* **Source material**
---

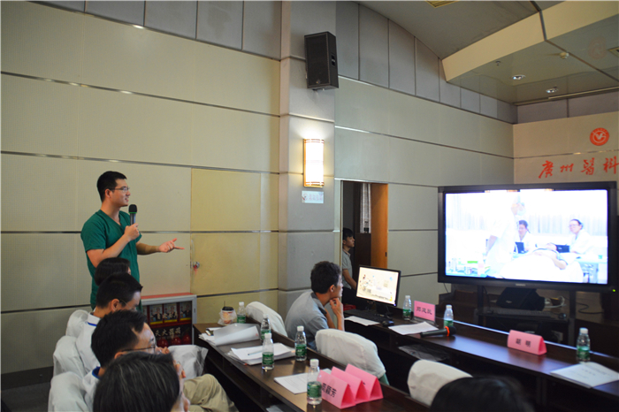 比赛进行得如火如荼时,学术报告厅的实时转播使现场观众了解最新赛况。同时,还配有讲解员评价参赛选手的操作手法。在场外观看比赛的同学也分享了他们的看法,2013级第二临床学院梁汉标说:“你能从中学到很多实用的操作与人文关怀的方法。师弟师妹们如果对比赛感兴趣可以早点做好准备,打下坚实一点的基础,英语也要学好,这很有用。”2014级南山学院刘智超说:“我们现在刚开始接触临床技能这个培训,也经历过一轮多站式的考核。希望通过这次比赛,为以后打好基础。”
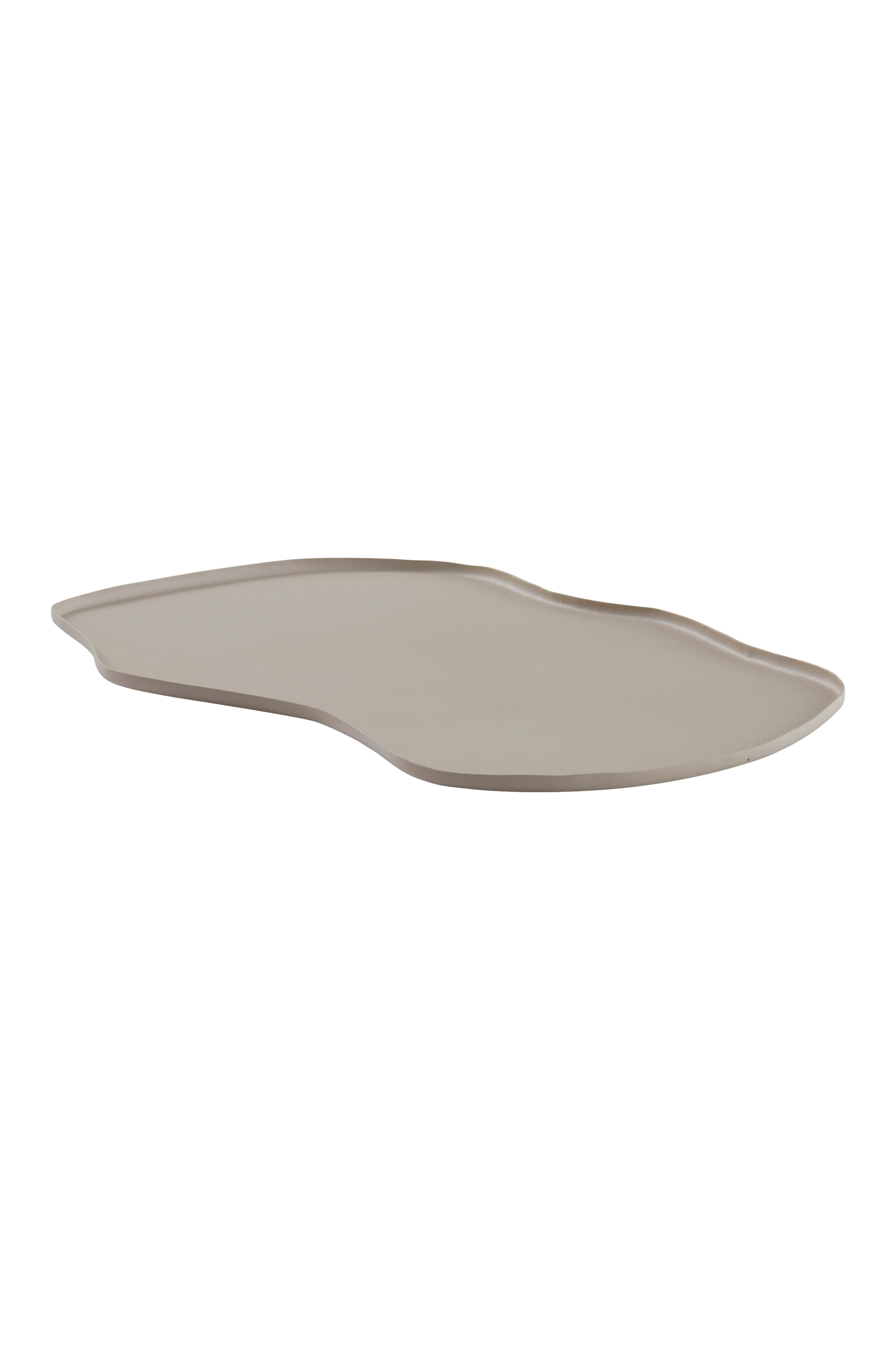 Brett eller serveringsfat av jern i uregelmessig, organisk form. DREW er vakkert for opplegg og fint å servere drikke eller brød på. Den fargede brettet har pulverlakkert, matt overflate, det sølvfargede er blankere.
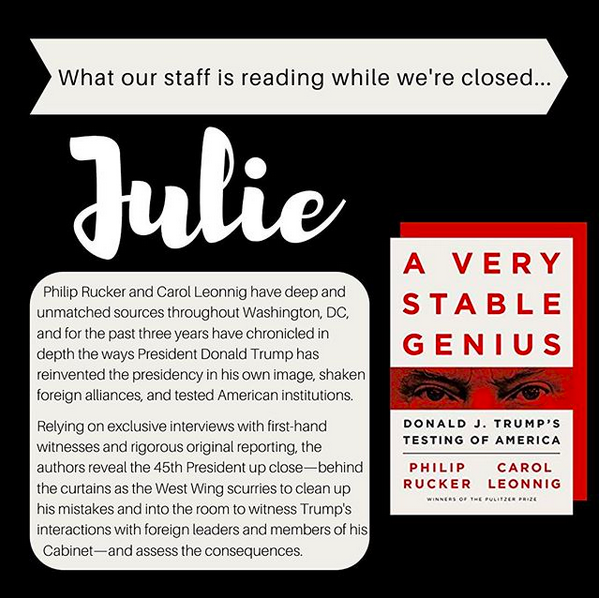 What our staff is reading while we’re closed…
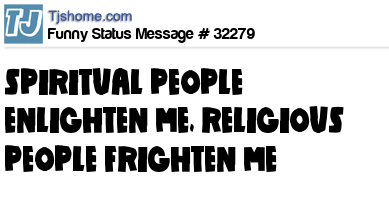 X is SPIRITUAL PEOPLE ENLIGHTEN ME, RELIGIOUS PEOPLE FRIGHTEN ME
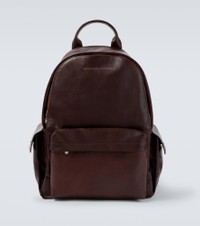 Crafted in Italy with meticulous attention to detail, this Brunello Cucinelli leather backpack adds a touch of luxury to your travels. Multiple compartments keep essentials organized, while adjustable shoulder straps enhance comfort and versatility. Product Details - Material: calf leather - Lining: fabric - Made in Italy - Designer color name: Burgundy - Item color: burgundy - Internal details: internal slot pocket, internal zipped pocket - Closure: zipped top - Top handle, Adjustable shoulder straps - Item number: P01056163 Size & Fit - Height 43cm-17" - Width 33cm-13" - Depth 16cm-6.5" - Length of handles 26cm-10" - Adjustable shoulder strap - Max. length shoulder strap 83cm-32.5"
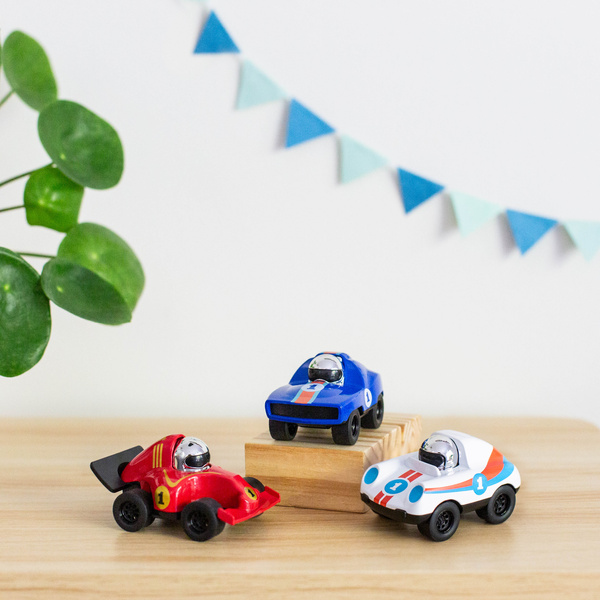 Autko wyścigowe Białe od Tiger Tribe. Ten turbo-szybki, retro mini samochód wyścigowy jest gotowy do jazdy! Nie potrzebuje baterii. Dzieci będą się świetnie bawić ścigając się tym zwinnym, małym autkiem, aktywując mechanizm wyścigowy prostym naciśnięciem. Autka są dostępne są w trzech zabawnych i kolekcjonerskich wzorach.
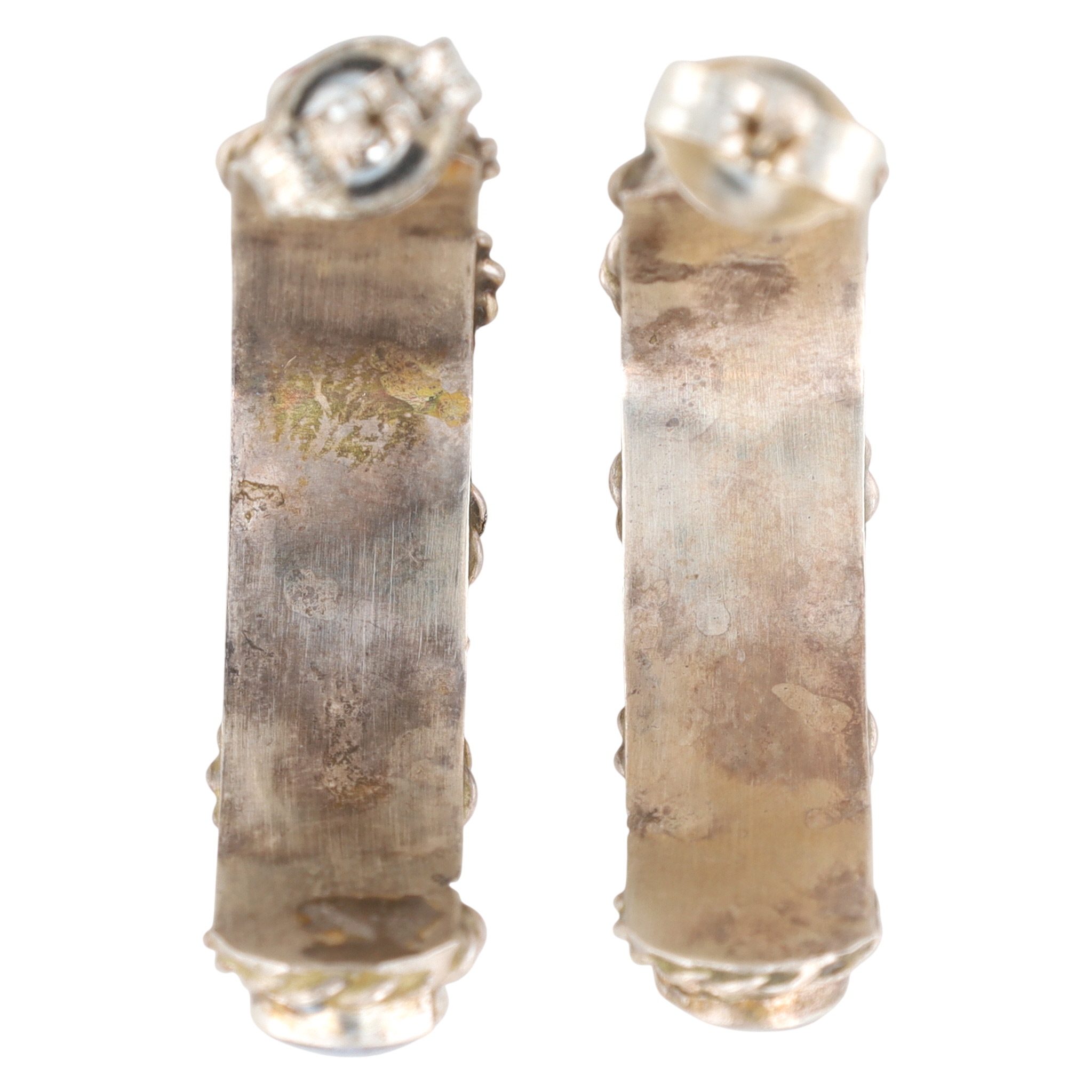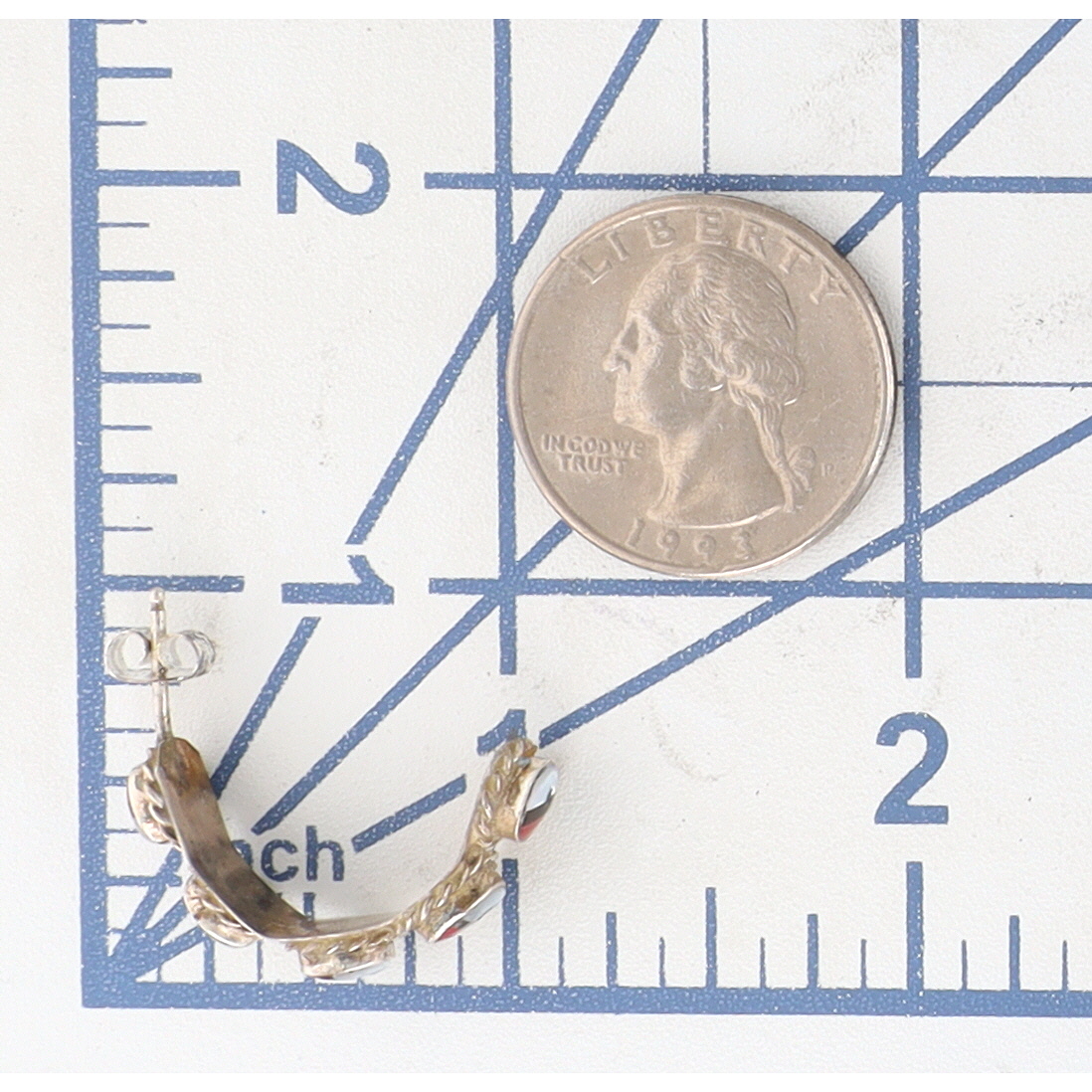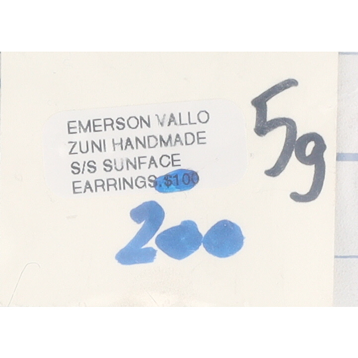 A pair of Zuni handmade sterling earrings featuring multiple Sunface inlay designs in turquoise, coral, mother-of-pearl, onyx, weighing 5g and measuring approximately 1 inch long.
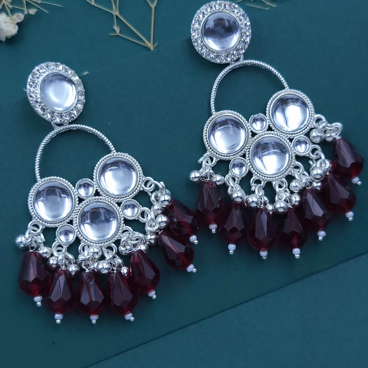Accents: Deep burgundy teardrop beads.
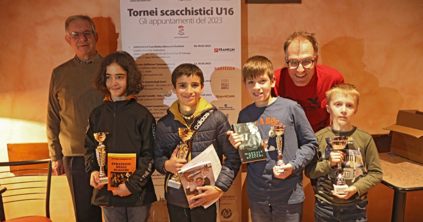 Consegnati i premi ai vincitori della prima tappa, l'edizione 2023 dell'VIII Grand Prix scacchistico under 16 si avvia verso la seconda fase. L'appuntamento è fissato per lunedì 1° maggio negli spazi della banca Raiffeisen della Campagnadorna a Stabio. La manifestazione si rivolge ai piccoli campioni della Svizzera italiana e della vicina Italia, ma anche ai principianti. Si tratta, di fatto, di una bella occasione per i giovani scacchisti di vivere l’esperienza di giocare un vero torneo.
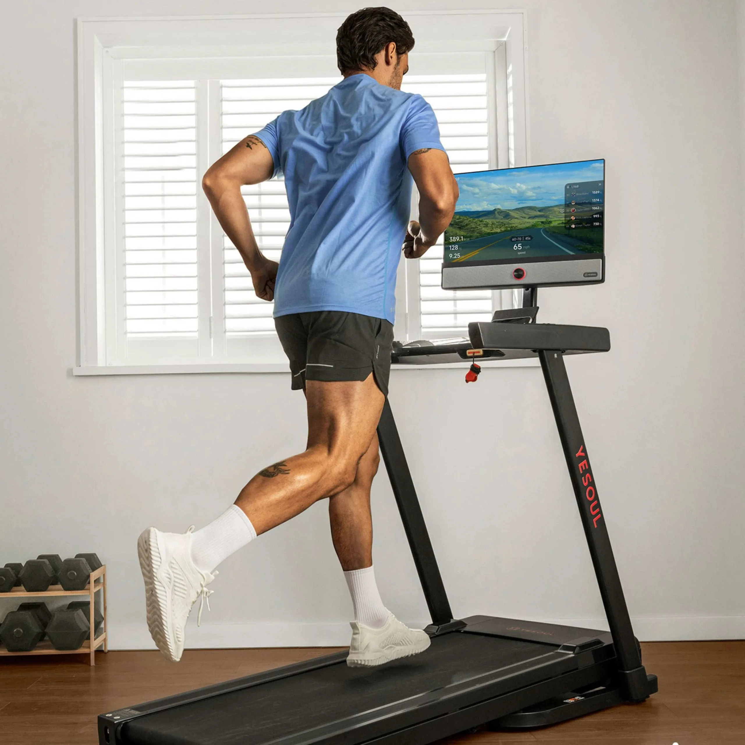 Koge kodus professionaalset treeningut suure 21,5” pööratava täis-HD ekraani ja võimsate kõlaritega. Vaata treeningtunde, jälgi tulemusi ja kuula muusikat – kõik ühes seadmes. Hüdrauliline kokkupanek teeb hoiustamise lihtsaks ja ruumisäästlikuks. Harjasteta mootor, millega treenid kuni 16 km/h kiirusega. Manuaalselt reguleeritav kallak ning ühilduvus Yesoul Fitness, Zwift ja Kinomap rakendustega teevad treeningu mitmekesiseks ja motiveerivaks.
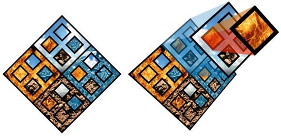 O diagrama acima resume, em forma de imagem, os princípios que acabei de expor. No lado esquerdo temos o diagrama dos elementos, contendo em si seus aspectos quaternários; no lado direito vemos, como exemplo, o elemento Ar em destaque e, ressaltando dele, o seu aspecto Fogo – em outras palavras, Fogo de Ar, a configuração elemental correspondente ao Cavaleiro de Espadas.

---

Only one thing is wanted here, an exact copy of the lines from the first line above through the line containing "X is SPIRITUAL", minus any picture.

 比赛进行得如火如荼时,学术报告厅的实时转播使现场观众了解最新赛况。同时,还配有讲解员评价参赛选手的操作手法。在场外观看比赛的同学也分享了他们的看法,2013级第二临床学院梁汉标说:“你能从中学到很多实用的操作与人文关怀的方法。师弟师妹们如果对比赛感兴趣可以早点做好准备,打下坚实一点的基础,英语也要学好,这很有用。”2014级南山学院刘智超说:“我们现在刚开始接触临床技能这个培训,也经历过一轮多站式的考核。希望通过这次比赛,为以后打好基础。”
 Brett eller serveringsfat av jern i uregelmessig, organisk form. DREW er vakkert for opplegg og fint å servere drikke eller brød på. Den fargede brettet har pulverlakkert, matt overflate, det sølvfargede er blankere.
 What our staff is reading while we’re closed…
 X is SPIRITUAL PEOPLE ENLIGHTEN ME, RELIGIOUS PEOPLE FRIGHTEN ME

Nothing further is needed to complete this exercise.